This is why the elections will not be the step forward for a peace in Ukraine. It is doubtful that revolting Donbass will accept Poroshenko as the new legitimate president. To make things worse the first words from Poroshenko, after exit-polls’ results had been published, were that 85% of Ukrainians voted for ‘unitary Ukraine’ and ‘European choice’ thus not promising any significant concessions to the Donbass rebels demanding at least autonomy within federalized Ukraine if not separating from Ukraine totally. Moreover, so called ‘anti-terrorist’ operation will continue even more active. After elections Kiev government can finally declare emergency state in Donbass and proceed with full-scale army involvement against armed rebels escalating civil war but without definite chances to suppress the rebels supported by local population.
Another significant result is low voting for the far right leaders – Oleh Tyahnybok (Svoboda)and Dmytro Yarosh (Right Sector) – each is going to get something around 1%. No doubt, these number show how exaggerated was Russian propaganda, especially about the Right Sector influence. In the same time, however, these numbers should not be used to downplay the danger of the far rights in contemporary Ukraine. It is not possible to simply extrapolate from personal ratings on the presidential elections (especially when many people were voting for the leading candidate just to avoid the second round) to the party and ideological support. In fact according to the most recent poll (conducted on May 8-13 by three leading pollster companies:www.kiis.com.ua) Svoboda’s support has grown from 5% to 7% (support for Right Sector, though, seemed to decline from 3% to 2%). According to the exit-poll in elections to Kiev city local council Svoboda as well as the Radical Party of Oleh Lyashko are going to win around 8% each. Their party lists include some of the leadership of Neo-Nazi groups like S14 and Social-National Assembly. What is even worse, dehumanizing hate speech against ‘colorados’ (Donbass rebels are derogatively compared to Colorado beetles for their orange and black stripes) has spread among even liberal government members and pro-Maidan politicians. In the civil war situation Svoboda and Right Sector support figures are not even as dangerous as continuing shift to the right of Ukrainian political mainstream.
The only candidate that could remotely be called ‘left’ at these elections – the leader of the Communist Party of Ukraine (CPU) Petro Symonenko – withdrawed his candidacy (in fact he declared about this so late that his name was still included into the voting bulletins and he is getting around 1.6% of the votes). In the last weeks the CPU has been under attack threatened to be disband as the parliamentary faction and to have the trial banning the party overall being accused in support for Donbass separatists. Overall CPU can hardly be called a leftist party as it was becoming quite culturally conservative, selling its MP places to oligarchs and playing a role of minoritarian partner for the former ruling Party of Regions. The Communist MPs voted unanimously for the laws restricting civic liberties passed by Yanukovych-controlled parliament on January 16. However, its ban might have McCarthyist consequences extending attack on the CPU to attack on the communist ideology in general thus putting under threat almost every leftist organization in the country. The banned CPU itself may radicalize up to the total support for the armed rebellion in Donbass or may give a number of radicalized activists to the far left and Russian nationalist groups in the Eastern Ukraine.

By Volodymyr Ishchenko

Volodymyr Ishchenko is a research fellow at the Institute of Slavic Studies, Technical University of Dresden. His research focuses on protests and social movements, revolutions, right and left politics, nationalism, civil society. He has authored a number of articles and interviews on contemporary Ukrainian politics, the Maidan uprising and the following war in 2013-14 for various publications including The Guardian, New Left Review, and Jacobin. He is currently working on a collective monograph “The Maidan Uprising: Mobilization, Radicalization, and Revolution in Ukraine, 2013-14”. He used to be a member of various new left initiatives in Ukraine and a founding editor of left-wing intellectual publication Commons: Journal of Social Criticism.

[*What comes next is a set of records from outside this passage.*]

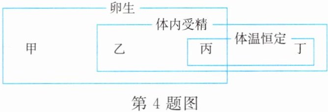 4. 霍加狓——长颈鹿唯一尚未灭绝的近亲动物,该物种通常每胎只生一幼兽,哺乳期约为6个月。它与如图所示的甲、乙、丙、丁四种生物在分类上属于同一类别的是 (
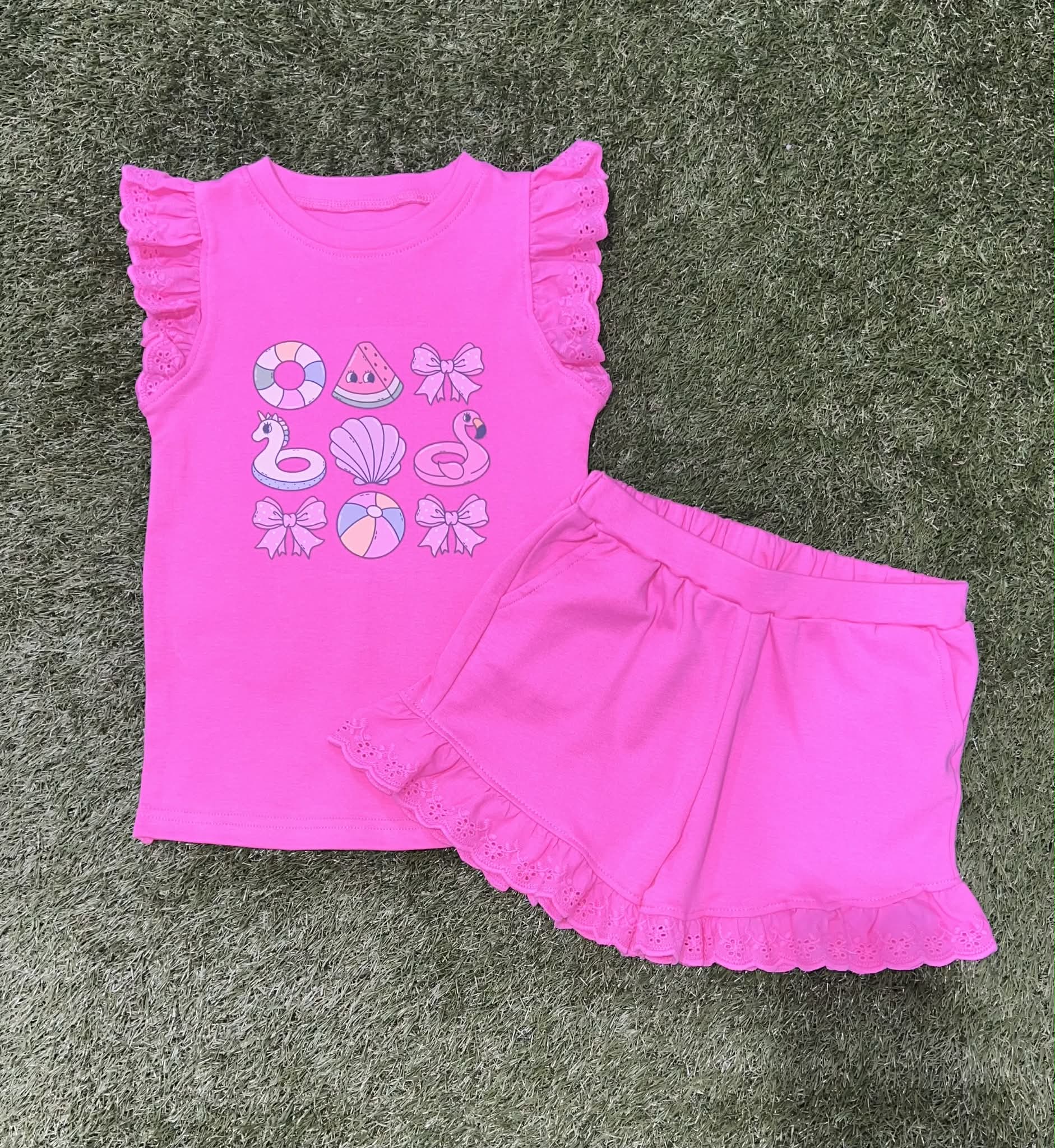 Beat the heat in style with our floaties Short Set, featuring a cheerful fuchsia palette and adorable floatie design. Perfect for those lazy summer days by the pool or beach, this playful two-piece keeps you cool and comfortable while looking absolutely fab. The soft, breathable fabric and fun print make it an instant favourite for warm-weather adventures. Whether you're lounging at home or heading out for some sun-soaked fun, this set brings the perfect splash of summer joy to your wardrobe.
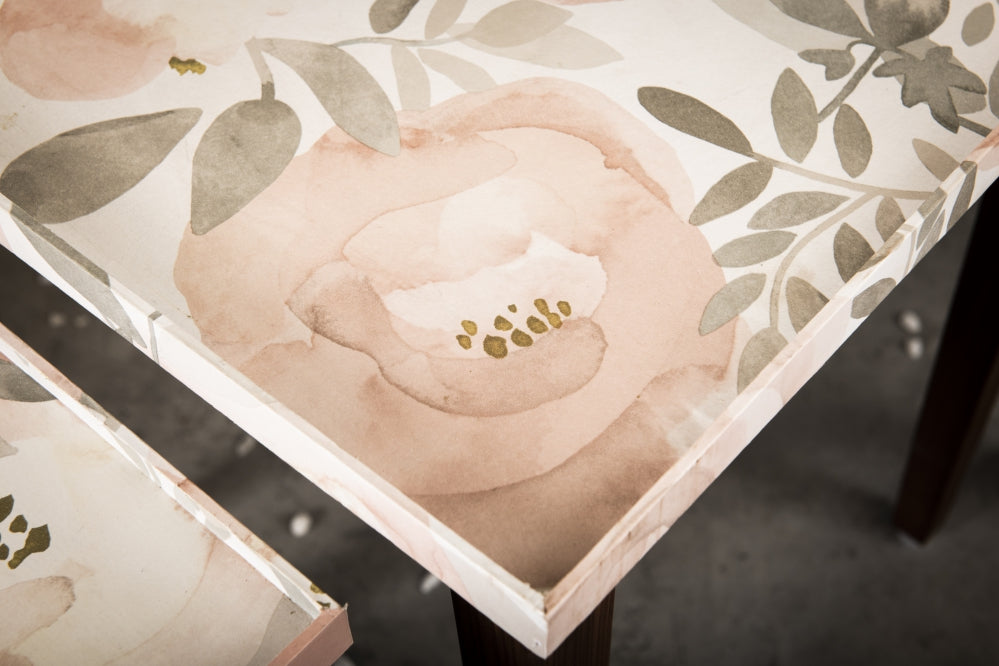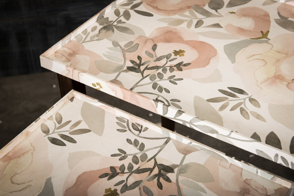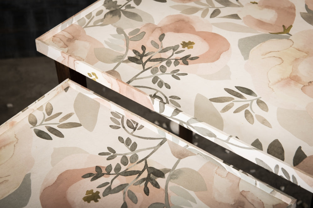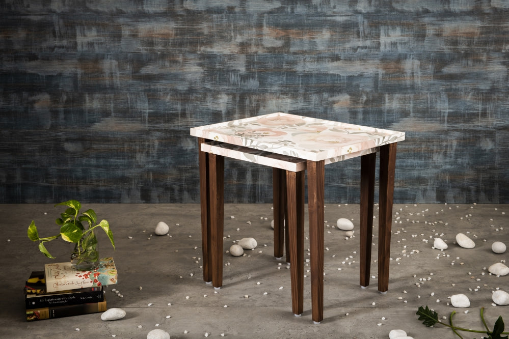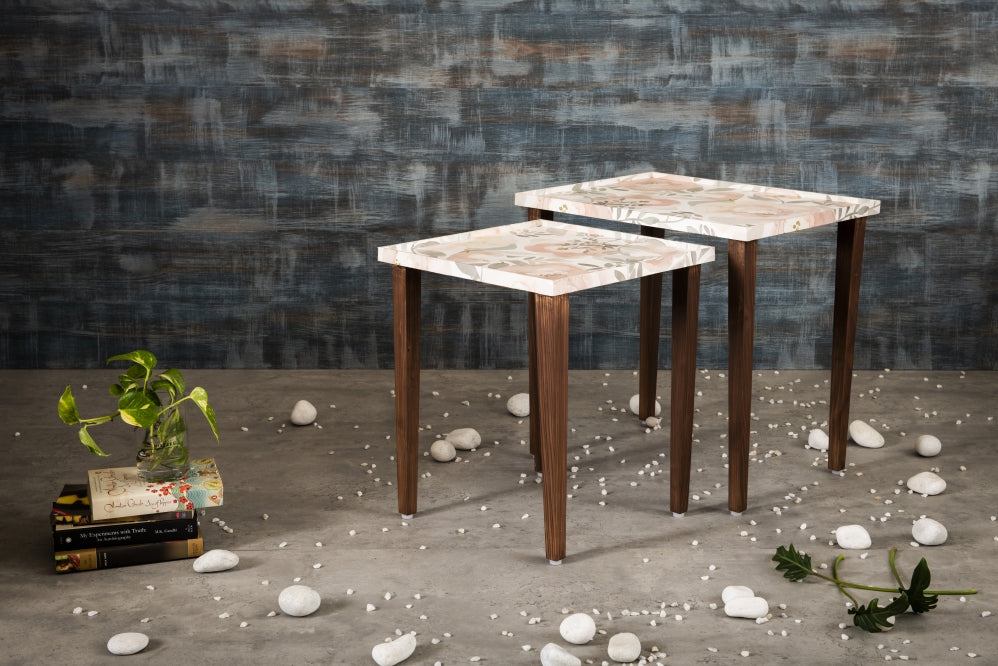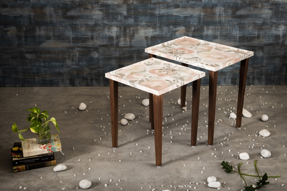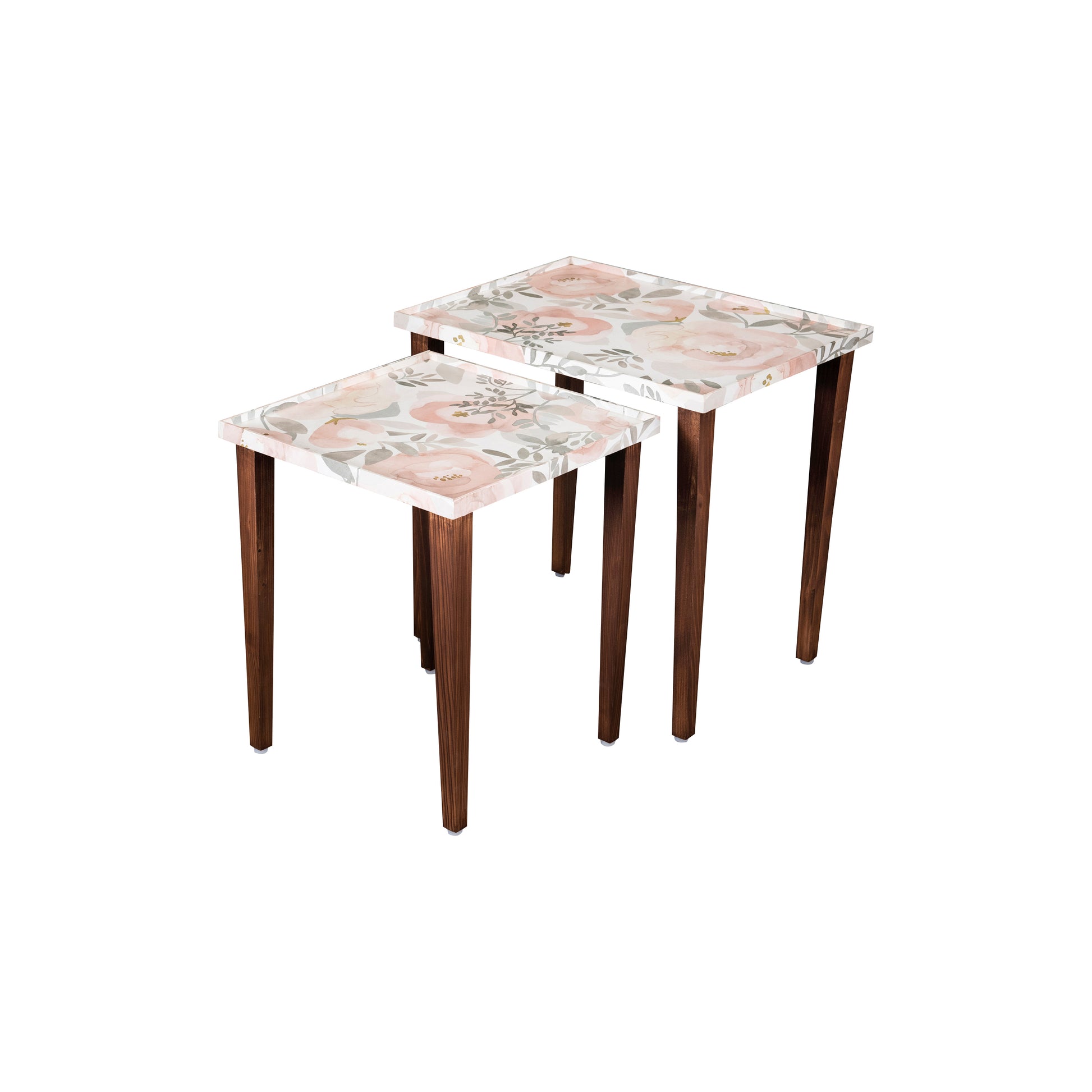 A Tiny Mistake Blossom (Peach and Pink) Wooden Rectangle Nesting Tables (Set of 2), Living Room Decor
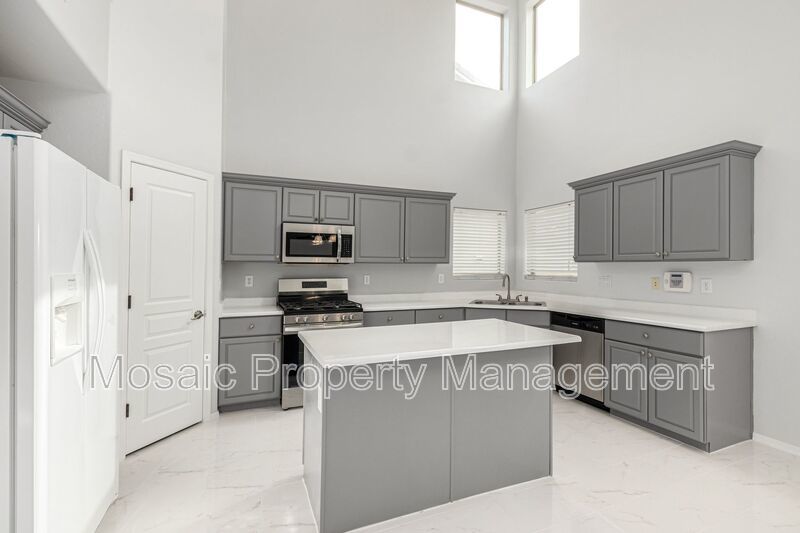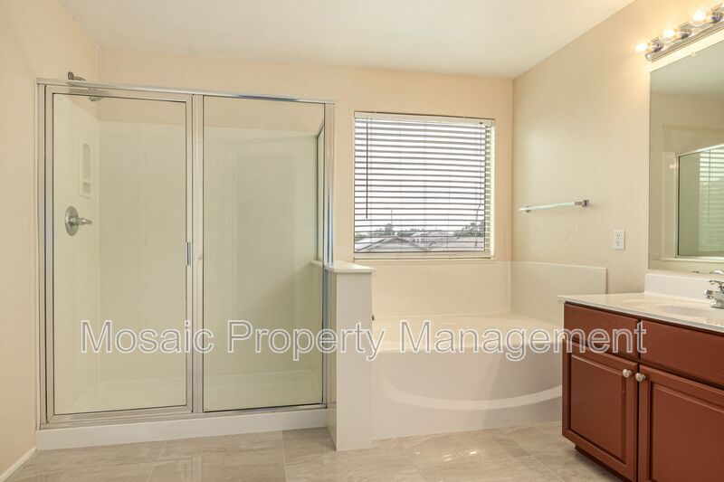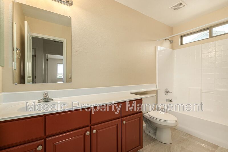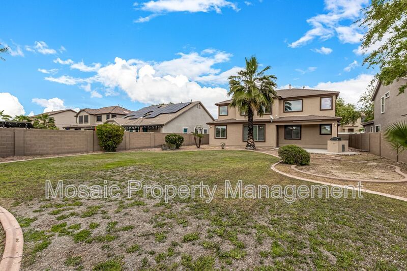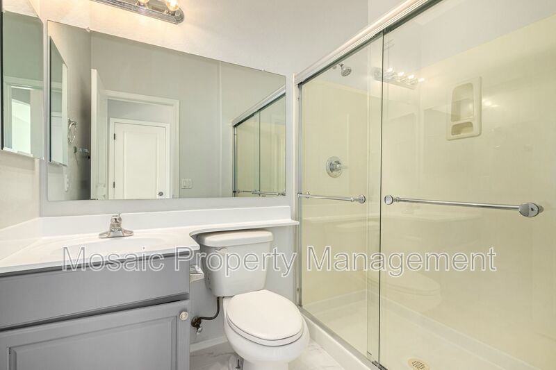 At nearly 3000 SF this STUNNING 5 bed/3.5 bath home has an abundance of room for the entire family! Upon entry you will notice the high ceilings, posh, marbled porcelain tile, and appealing two-tone paint throughout. The light and bright kitchen boasts grey cabinetry with kitchen island, white quartz countertops and stainless appliances. On the main floor there is a bedroom and full bath, perfect for overnight guests. Upstairs, the owner's suite with dual vanity, walk in shower, separate tub and 3 additional bedrooms. The upstairs landing also features additional cabinet/storage space. Wait until you see the size of the backyard with built in BBQ, extended patio and grassy area! Washer and dryer is included. The community of Fletcher Farms offers beautiful green belts and walking/biking paths. Make this one yours today!
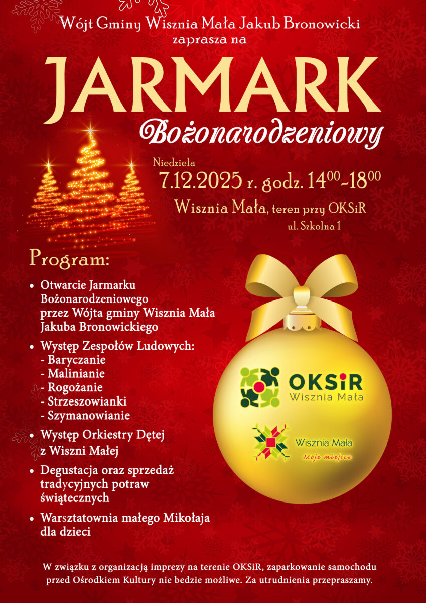 Home Wydarzenia Jarmark Bożonarodzeniowy 2025 w Wiszni Małej w Wydarzenia Data 7 grudnia 2025 Godzina 14:00 - 18:00 RegulaminPobierz Dla wystawców: KARTA ZGŁOSZENIAPobierz KARTA ZGŁOSZENIAPobierz (format ODT) jarmark bożonarodzeniowy, Wisznia Mała

4 replies on “Ukrainian elections results”

DOUBLE STANDARDS ON THE LEFT

Yes Ukraine’s terrible “radical, right-wing extremists” attracted about 1–2 percent of the vote—which surprised no one who knows something about Ukrainian politics. But how about the 25 percent achieved by France’s National Front in the May 25th elections to the European Parliament? How about the UK Independence Party, with 27.5 percent, or Hungary’s far-right Jobbik with 14.7 percent of the vote?

Why do those so concerned about the supposedly nefarious influence of Ukraine’s right ignore not only to these pro Russian EU right- extremists, but also to the extremism of the pro-Russian neo Nazi’s, whose roots go back to the early 20th century “Black Hundreds,” and are now the core of Putin’s special-ops teams in eastern Ukraine? But then were not all good Stalinists in 1940 also good friends with the European extreme right? Why is it all good Stalinists and too many naïve leftists consider “Ukrainian fascism” BAD but French or English or Hungarian fascism is GOOD? And what about Ukrainian anti-imperialism in all this which no-one seems to mention?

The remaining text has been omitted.